Copy exactly the lines of the records below, and only those lines, beginning with the line that contains "2月28日,中京电子(002" and ending with the line that contains "The Bank of".

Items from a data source
================
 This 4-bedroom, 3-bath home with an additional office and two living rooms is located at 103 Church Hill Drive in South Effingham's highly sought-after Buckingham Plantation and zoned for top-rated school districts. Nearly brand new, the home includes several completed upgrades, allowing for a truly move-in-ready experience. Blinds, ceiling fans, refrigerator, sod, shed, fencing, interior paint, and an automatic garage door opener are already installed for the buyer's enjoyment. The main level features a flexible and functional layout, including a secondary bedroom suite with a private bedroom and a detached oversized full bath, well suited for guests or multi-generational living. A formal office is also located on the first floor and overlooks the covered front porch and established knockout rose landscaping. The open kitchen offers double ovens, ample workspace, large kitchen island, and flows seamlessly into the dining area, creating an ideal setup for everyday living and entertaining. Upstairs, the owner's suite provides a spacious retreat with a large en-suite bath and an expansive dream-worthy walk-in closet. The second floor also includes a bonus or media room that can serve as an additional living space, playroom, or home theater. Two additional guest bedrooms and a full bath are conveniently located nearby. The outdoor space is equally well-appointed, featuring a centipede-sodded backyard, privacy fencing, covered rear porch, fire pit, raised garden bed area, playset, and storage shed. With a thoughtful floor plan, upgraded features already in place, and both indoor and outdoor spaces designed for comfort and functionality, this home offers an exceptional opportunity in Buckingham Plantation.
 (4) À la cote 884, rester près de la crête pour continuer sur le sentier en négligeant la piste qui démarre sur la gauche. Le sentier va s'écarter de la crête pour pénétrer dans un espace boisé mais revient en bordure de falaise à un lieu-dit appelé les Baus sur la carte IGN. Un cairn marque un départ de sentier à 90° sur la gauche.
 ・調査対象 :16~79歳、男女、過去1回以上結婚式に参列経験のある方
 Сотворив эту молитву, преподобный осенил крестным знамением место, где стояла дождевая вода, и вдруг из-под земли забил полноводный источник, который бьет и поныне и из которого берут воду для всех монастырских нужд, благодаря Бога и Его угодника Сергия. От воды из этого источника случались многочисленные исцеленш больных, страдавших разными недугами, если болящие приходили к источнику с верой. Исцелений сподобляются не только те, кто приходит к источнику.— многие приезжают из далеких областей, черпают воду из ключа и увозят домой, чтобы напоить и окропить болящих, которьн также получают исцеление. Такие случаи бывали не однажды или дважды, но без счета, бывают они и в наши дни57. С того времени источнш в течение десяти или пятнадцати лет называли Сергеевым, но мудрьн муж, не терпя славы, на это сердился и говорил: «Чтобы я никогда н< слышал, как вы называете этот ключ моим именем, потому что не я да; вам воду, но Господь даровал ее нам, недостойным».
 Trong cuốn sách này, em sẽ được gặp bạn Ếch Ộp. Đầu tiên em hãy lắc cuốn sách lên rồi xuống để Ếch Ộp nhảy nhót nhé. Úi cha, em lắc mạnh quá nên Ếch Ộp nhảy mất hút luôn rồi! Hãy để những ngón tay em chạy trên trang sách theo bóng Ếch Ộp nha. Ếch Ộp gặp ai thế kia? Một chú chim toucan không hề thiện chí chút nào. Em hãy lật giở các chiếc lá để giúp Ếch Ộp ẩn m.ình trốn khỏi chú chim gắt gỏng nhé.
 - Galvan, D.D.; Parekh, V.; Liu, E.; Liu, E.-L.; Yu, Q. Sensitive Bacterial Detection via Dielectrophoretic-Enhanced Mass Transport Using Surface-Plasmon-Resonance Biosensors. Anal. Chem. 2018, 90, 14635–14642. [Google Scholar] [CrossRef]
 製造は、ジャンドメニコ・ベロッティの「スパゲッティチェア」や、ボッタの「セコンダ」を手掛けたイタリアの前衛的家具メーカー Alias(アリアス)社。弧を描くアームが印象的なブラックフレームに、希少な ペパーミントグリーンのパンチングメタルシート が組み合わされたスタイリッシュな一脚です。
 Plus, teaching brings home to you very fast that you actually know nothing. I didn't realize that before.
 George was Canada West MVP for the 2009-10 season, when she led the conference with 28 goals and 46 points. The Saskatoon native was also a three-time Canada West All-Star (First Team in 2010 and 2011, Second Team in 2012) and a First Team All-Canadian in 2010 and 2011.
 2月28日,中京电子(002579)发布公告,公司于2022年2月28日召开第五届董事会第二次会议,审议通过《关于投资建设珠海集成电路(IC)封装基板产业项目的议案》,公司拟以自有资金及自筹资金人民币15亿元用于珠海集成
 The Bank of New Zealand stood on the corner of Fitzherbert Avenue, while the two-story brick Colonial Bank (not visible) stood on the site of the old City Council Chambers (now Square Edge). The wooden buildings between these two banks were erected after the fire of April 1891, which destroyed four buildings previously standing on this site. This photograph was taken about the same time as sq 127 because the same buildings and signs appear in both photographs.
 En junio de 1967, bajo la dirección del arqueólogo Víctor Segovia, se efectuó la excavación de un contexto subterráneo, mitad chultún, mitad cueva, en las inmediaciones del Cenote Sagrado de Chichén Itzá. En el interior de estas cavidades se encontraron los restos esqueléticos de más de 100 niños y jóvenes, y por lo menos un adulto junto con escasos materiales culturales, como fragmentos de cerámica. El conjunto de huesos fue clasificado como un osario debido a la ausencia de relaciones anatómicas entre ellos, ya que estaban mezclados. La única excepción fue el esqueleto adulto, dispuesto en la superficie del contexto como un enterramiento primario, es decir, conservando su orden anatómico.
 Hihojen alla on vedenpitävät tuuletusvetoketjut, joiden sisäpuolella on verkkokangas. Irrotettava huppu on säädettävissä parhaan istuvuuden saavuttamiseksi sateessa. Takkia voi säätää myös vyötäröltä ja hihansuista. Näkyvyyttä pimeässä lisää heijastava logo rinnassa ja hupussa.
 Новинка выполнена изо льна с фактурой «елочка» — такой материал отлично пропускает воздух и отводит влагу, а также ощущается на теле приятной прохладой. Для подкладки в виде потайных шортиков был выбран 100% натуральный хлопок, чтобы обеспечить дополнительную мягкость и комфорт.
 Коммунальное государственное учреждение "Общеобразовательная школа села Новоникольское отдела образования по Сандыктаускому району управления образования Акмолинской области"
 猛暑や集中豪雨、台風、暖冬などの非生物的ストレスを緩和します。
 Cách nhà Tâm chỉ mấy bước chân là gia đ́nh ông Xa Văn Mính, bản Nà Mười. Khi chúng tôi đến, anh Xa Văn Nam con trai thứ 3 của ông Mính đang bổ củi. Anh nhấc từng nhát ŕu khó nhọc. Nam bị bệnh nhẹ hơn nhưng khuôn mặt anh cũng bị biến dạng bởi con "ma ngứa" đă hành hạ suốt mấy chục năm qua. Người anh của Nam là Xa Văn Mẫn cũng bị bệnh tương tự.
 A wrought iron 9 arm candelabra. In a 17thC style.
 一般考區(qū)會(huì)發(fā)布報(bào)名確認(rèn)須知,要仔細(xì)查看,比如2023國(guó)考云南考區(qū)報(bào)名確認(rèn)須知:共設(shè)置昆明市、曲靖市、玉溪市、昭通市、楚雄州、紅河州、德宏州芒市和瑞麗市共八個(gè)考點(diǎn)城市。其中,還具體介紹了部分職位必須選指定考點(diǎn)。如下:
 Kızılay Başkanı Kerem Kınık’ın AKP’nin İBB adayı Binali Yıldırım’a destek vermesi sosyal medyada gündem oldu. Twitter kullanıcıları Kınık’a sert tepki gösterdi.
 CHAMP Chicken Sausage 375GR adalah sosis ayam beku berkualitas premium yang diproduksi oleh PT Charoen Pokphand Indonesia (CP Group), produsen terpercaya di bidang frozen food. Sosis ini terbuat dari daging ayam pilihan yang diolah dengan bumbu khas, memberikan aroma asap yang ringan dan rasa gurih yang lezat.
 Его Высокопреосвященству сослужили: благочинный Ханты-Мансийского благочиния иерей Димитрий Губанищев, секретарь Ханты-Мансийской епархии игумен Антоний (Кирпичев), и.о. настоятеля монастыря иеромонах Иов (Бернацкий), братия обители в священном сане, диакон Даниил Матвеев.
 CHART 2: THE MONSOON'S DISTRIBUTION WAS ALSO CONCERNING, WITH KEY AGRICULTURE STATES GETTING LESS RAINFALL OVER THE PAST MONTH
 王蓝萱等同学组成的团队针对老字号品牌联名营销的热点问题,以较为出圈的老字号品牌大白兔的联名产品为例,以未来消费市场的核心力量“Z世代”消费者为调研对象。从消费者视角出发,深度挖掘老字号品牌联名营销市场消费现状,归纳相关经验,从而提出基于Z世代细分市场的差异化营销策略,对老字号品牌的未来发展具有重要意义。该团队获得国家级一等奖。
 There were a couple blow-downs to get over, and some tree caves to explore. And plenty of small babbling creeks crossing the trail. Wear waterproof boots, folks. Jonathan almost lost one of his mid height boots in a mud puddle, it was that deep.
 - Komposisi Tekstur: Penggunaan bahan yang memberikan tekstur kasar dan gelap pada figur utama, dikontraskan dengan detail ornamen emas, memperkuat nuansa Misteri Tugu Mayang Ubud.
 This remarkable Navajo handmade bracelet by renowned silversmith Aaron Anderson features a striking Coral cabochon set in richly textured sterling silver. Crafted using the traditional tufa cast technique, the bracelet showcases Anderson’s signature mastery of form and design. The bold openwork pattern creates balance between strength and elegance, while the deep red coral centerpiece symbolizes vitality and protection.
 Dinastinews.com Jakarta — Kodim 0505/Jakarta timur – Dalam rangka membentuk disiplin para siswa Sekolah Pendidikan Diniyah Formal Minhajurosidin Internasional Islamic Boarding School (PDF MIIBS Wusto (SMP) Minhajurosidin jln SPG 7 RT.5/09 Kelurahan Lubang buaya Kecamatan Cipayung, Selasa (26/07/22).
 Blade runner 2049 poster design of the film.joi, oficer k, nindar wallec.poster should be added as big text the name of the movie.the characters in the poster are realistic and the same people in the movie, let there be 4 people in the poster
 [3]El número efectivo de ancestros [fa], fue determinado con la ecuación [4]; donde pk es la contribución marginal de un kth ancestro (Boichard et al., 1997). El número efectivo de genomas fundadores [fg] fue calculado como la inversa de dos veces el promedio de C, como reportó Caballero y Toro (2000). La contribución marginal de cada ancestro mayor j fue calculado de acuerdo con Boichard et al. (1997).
================
REPLY TO THE TASK |
 2月28日,中京电子(002579)发布公告,公司于2022年2月28日召开第五届董事会第二次会议,审议通过《关于投资建设珠海集成电路(IC)封装基板产业项目的议案》,公司拟以自有资金及自筹资金人民币15亿元用于珠海集成
 The Bank of New Zealand stood on the corner of Fitzherbert Avenue, while the two-story brick Colonial Bank (not visible) stood on the site of the old City Council Chambers (now Square Edge). The wooden buildings between these two banks were erected after the fire of April 1891, which destroyed four buildings previously standing on this site. This photograph was taken about the same time as sq 127 because the same buildings and signs appear in both photographs.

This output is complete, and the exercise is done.